Rice diz ter plano para apoiar democracia no Irã

The New York Times
John O'Neil

Em Washington
A secretária de Estado americana, Condoleezza Rice, disse a uma comissão do Senado nesta quarta-feira (15/02) que pretende pedir US$ 75 milhões para promover a democracia no Irã, mas encontrou perguntas afiadas dos democratas sobre se as políticas do governo Bush estão promovendo a ascensão de governos antiamericanos em todo o mundo.
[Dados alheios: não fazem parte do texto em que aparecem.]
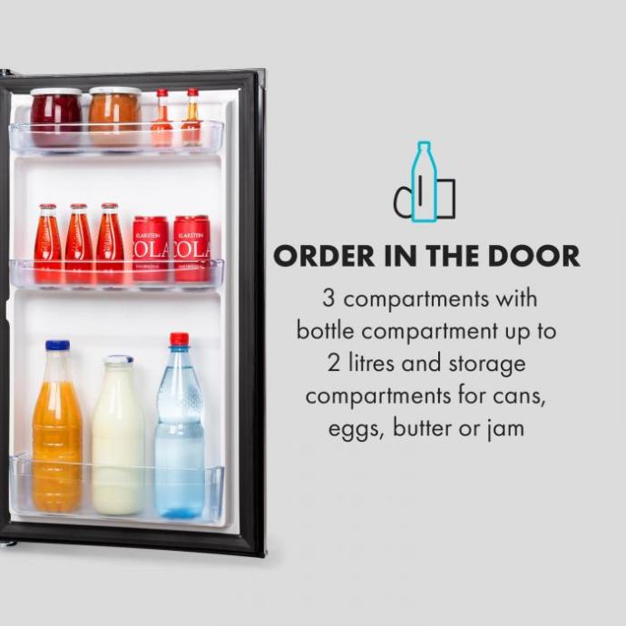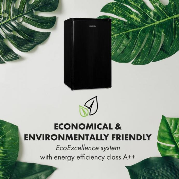 Hladnjak sa zamrzivačem Klarstein Cool Cousin cjelokupnog kapaciteta 80 litara jamči odličnu organizaciju uskladištenih namirnica u manjim kućanstvima.Zahvaljujući dvoma uklonjivima staklenim policama i 69L rashladnom prostoru s Compact Cool konceptom, u hladnjaku ima mjesta za namirnice najrazličitijih veličina i sastava. Boce do 2L, limenke i osvježenja moguće je smjestiti u tri samostalne police u vratima, a svježe se povrće može pospremiti u posebni uklonjivi pretinac, koji čuva krastavce i salatu na gotovo 0 ° C, što znatno produžuje svježinu u odnosu na uobičajene pretince za povrće.Uklonjivi dijelovi olakšavaju čišćenje.Posebnost uređaja Klarstein Cool Cousin je veliki zamrzivač kapaciteta 11 litara za dugotrajno skladištenje namirnica, poput smrznutog povrća, krumpirića ili pizze.Dopadljiv dizajn uklapa se u gotovo svaki prostor i životni stil. Hladnjak sa zamrzivačem Klarstein Cool Cousin je idealan za upotrebu u studenstkim domovima ili jednočlanim kućanstvima. Hlađenje uređaja pripada klasi energetske učinkovitosti A++ te je tijekom rada razina buke koju stvara izuzetno niska, svega 41 dB, što štedi novčanik i živce.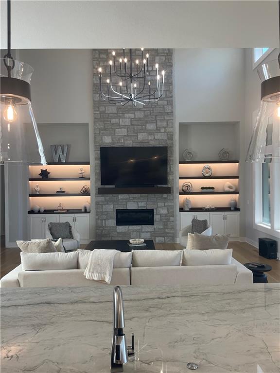This exceptional 1.5 story home is where comfort, style, and functionality come together. 6 beds/6.1 baths + rare 4 car garage situated on quiet culdesac lot! From the moment you step inside, you’ll be captivated by the open-concept design, seamlessly connecting the kitchen, dining, and living areas—perfect for hosting lively gatherings or enjoying cozy evenings at home. The great room is anchored by an impressive floor-to-ceiling stone fireplace, while the chefs dream kitchen shines w/sleek SS appl., a spacious island, HUGE walk-in pantry and ample room to create culinary masterpieces. Just off the kitchen, a flexible bdrm or home office or playroom with a full bth offers the perfect retreat for guests or a quiet space to work remotely with creative statement wall. Practicality meets elegance with a spacious mudroom with built in boot niche that helps to keep life organized and a convenient half bath on the main level. Upstairs, all bedrooms are ensuite and generous in size, offer walk in closets plus share a useful multi-purpose loft and second convenient laundry. The SENSATIONAL finished daylight lower level is a haven for entertainment and relaxation, featuring a full handsome bar (w/ exotic granite) a cozy recreation room, a theatre room, game area an additional bedroom, another full bath and ample storage space. When you’re ready to enjoy the outdoors, step onto the charming screened-in porch with its inviting fireplace or head down to the lower patio to soak in the tranquil backyard views. This home truly has it all (coastal themed wallpaper, decorative trimmed out mirrors, contemporary courtyard garage doors & impressive treatment walls) Welcome to your dream retreat! Tons of upgrades and extras + value priced, the similar Bristol plan sold for 1.8 new construction across the street. WHY BUILD WHEN YOU CAN GET ALL THIS WELL UNDER REPRODUCTION PRICE? Come check out this masterpiece! Located close to the sub. pool & shops at BluHawk with easy highway access!

Rice disse à Comissão de Relações Exteriores do Senado que o dinheiro para o Irã, além dos US$ 10 milhões já previstos no atual orçamento, será usado "para apoiar as aspirações democráticas da população iraniana" e contrabalançar a influência do novo regime linha-dura de Teerã.
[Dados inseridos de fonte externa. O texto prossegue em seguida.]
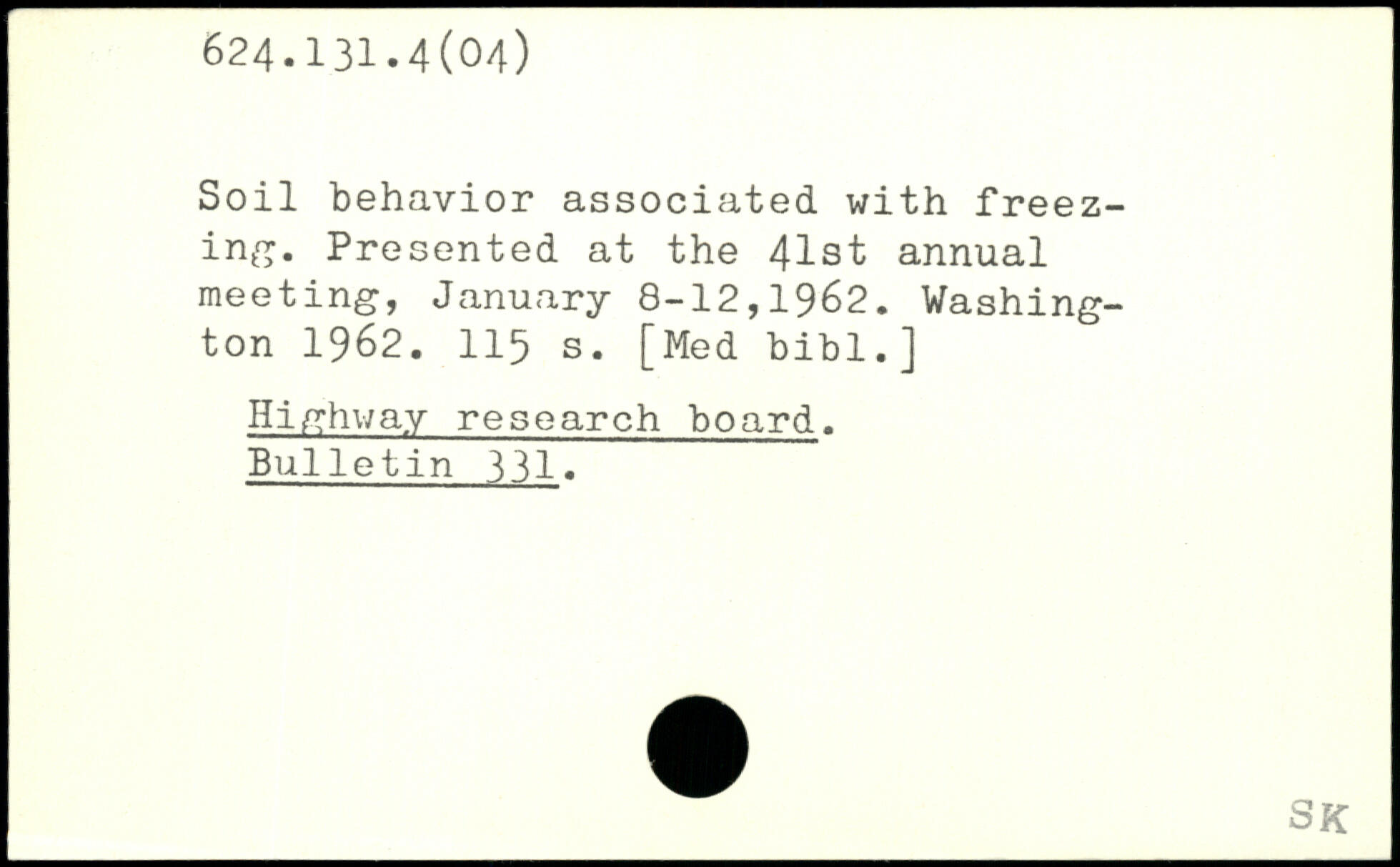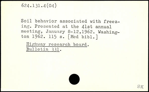 Soil behavior associated with freezing. Presented at the 41st annual meeting, January 8-12,1962.

"Ninguém quer ver o Oriente Médio dominado pela hegemonia iraniana, especialmente quando eles têm acesso à tecnologia nuclear", disse Rice, e mais tarde chamou o Irã de "nosso maior desafio estratégico" na região.

Ela disse em sua declaração previamente preparada que os US$ 75 milhões extras "nos permitiriam aumentar nosso apoio à democracia e melhorar nossas transmissões de rádio, iniciar a transmissão de TV via satélite, aumentar os contatos entre nossas populações através de mais bolsas de estudos para estudantes iranianos e reforçar nossas iniciativas públicas em prol da democracia".
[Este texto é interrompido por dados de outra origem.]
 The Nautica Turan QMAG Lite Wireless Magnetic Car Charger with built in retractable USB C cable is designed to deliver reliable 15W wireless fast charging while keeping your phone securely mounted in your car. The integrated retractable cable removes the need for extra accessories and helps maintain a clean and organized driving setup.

O grosso do dinheiro, US$ 50 milhões, iria para o estabelecimento de uma transmissão de televisão ininterrupta para o Irã no idioma farsi, segundo um oficial do Departamento de Estado, juntamente com aperfeiçoamentos nas transmissões de rádio e satélite.

"As políticas do regime estão ameaçando o total isolamento do Irã, e a população iraniana não deve sofrer isso", disse Rice à comissão do Senado.

Rice e outros membros do governo intensificaram suas críticas ao Irã nas últimas semanas, pressionando por sanções da ONU contra seu programa nuclear e acusando o governo do presidente Mahmoud Ahmadinejad de fomentar protestos violentos contra a publicação de desenhos satíricos representando o profeta Maomé.

Mas o enfoque no Irã na quarta-feira também refletiu uma sensação de que sua posição cresceu conforme a região mudou nos últimos anos, com um governo amigável dominado por xiitas preparando-se para assumir no Iraque, o Hamas vencendo as eleições para o Parlamento palestino e grupos radicais como o Hezbolah e a Irmandade Muçulmana conquistando votos no Líbano e no Egito.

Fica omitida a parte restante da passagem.